Artificial intelligence, however, is not limited to apps. Research at the University of Texas Health Sciences Center in Houston is using a machine-learning algorithm to assess functional magnetic resonance imaging for the detection and treatment of persons with schizophrenia. The algorithm inspects and measures areas of the brain and then identifies those with schizophrenia at 78% accuracy.
According to the Texas researchers, they can predict, at 82% accuracy, the response of a person to specific antipsychotic pharmacologic treatments. At the current juncture, pharmacologic treatments of schizophrenia require repeated trials with multiple (polypharmacy) medications or single-dose medications and a washout period.
Therefore, treatment is dependent on a trial-and-error process that can be extremely trying for the patient and which requires weeks without successful remission or change in symptoms. The AI program could make this a one-trip diagnosis with effective treatment medication.

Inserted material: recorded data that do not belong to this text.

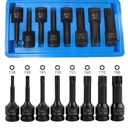 ERYUE Set di Chiavi a Bussola Torx Star Bit,1/2in Drive Impact Torx Star Bit Socket Set T30 T40 T45 T50 T55 T60 T70 T80
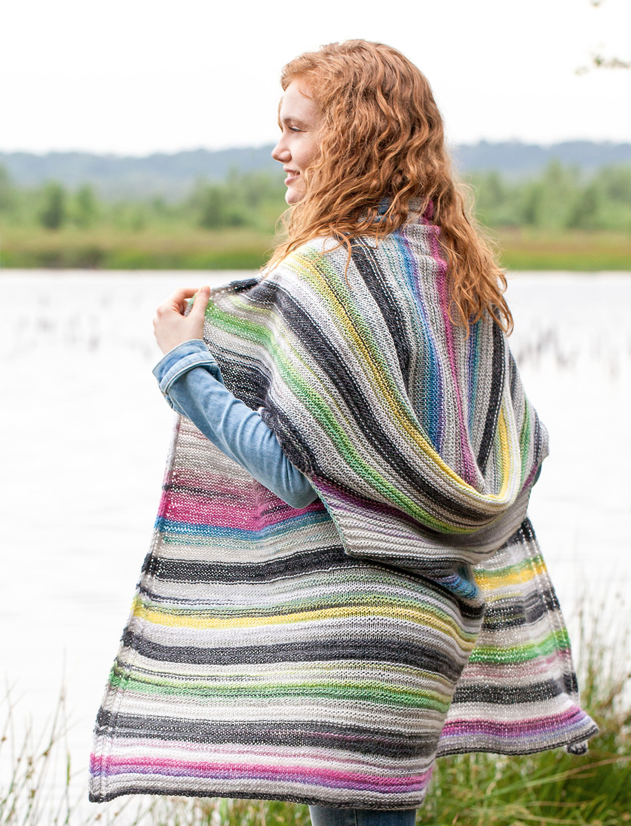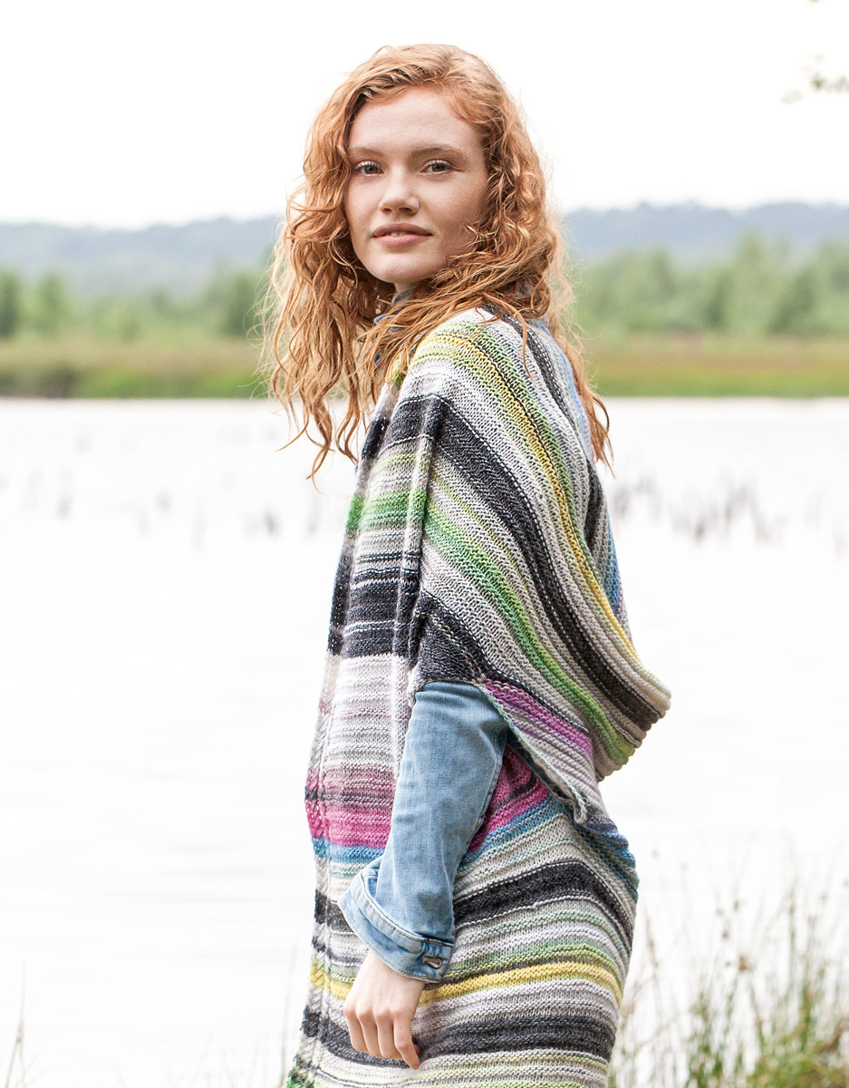 400 (600) g of Lana Grossa Gomitolo Versione (60% pure wool, 40% acrylic; 700 m/200 g) in Silver/Light-/ Medium-/Dark Grey (col 413). Size 5 mm circular needle, 100 cm long; cable needle [cn]; size 4 mm crochet hook
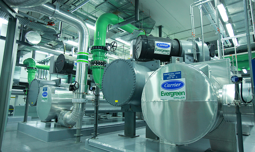 تصميم وتنفيذالأعمال الميكانيكية والكهربائية والسباكة وأنظمة تبريد المناطق في أكبر مركز تسوق في سلطنة عُمان وتزويده بمحطة تبريد بقدرة 12,500 طن تبريد.
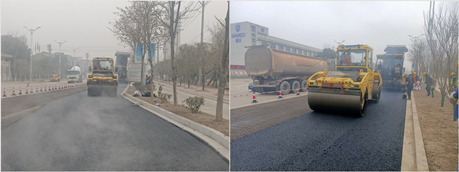 为确保项目首次沥青下面层摊铺工作安全高效优质完成,项目参建人员提前规划,捋清思路。施工前做安全、技术交底,施工时,现场蹲点解决运输、协调等问题,并对现场施工进行详细记录,确保各项工序无缝无误衔接。截至目前,已完成主干道浙锻路沥青摊1.2KM,预计本月完成全线沥青下面层摊铺任务。
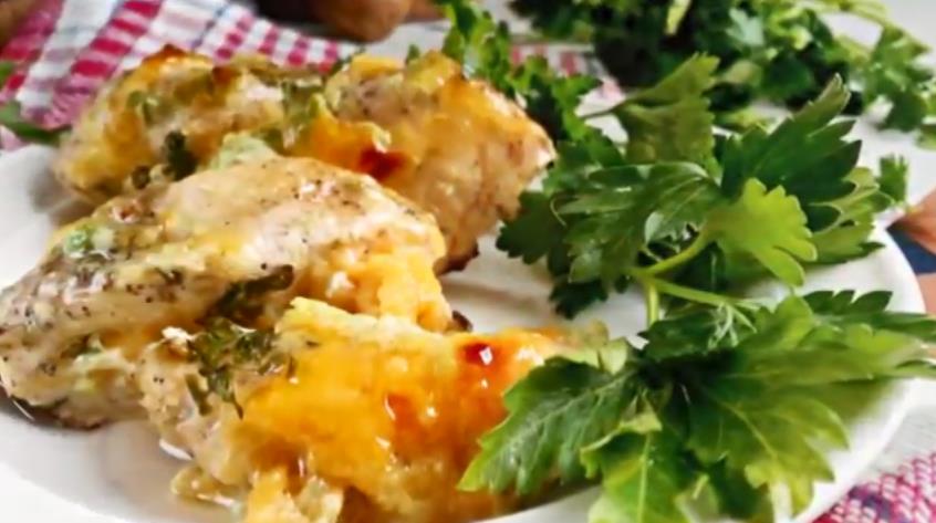 Куриные отбивные из филе со сметаной, запеченные под сырной шубой

The success of AI to date gives hope to all who practice any form of mental healthcare as well as to patients. AI can provide quick, seemingly accurate information leading to diagnostic success and pinpointing treatments with greater accuracy. The human frailties now present in healthcare will be a thing of the past if the promise of AI comes true.
Viewed as a technological workhorse with great potential, AI will enhance medicine to the benefit of all.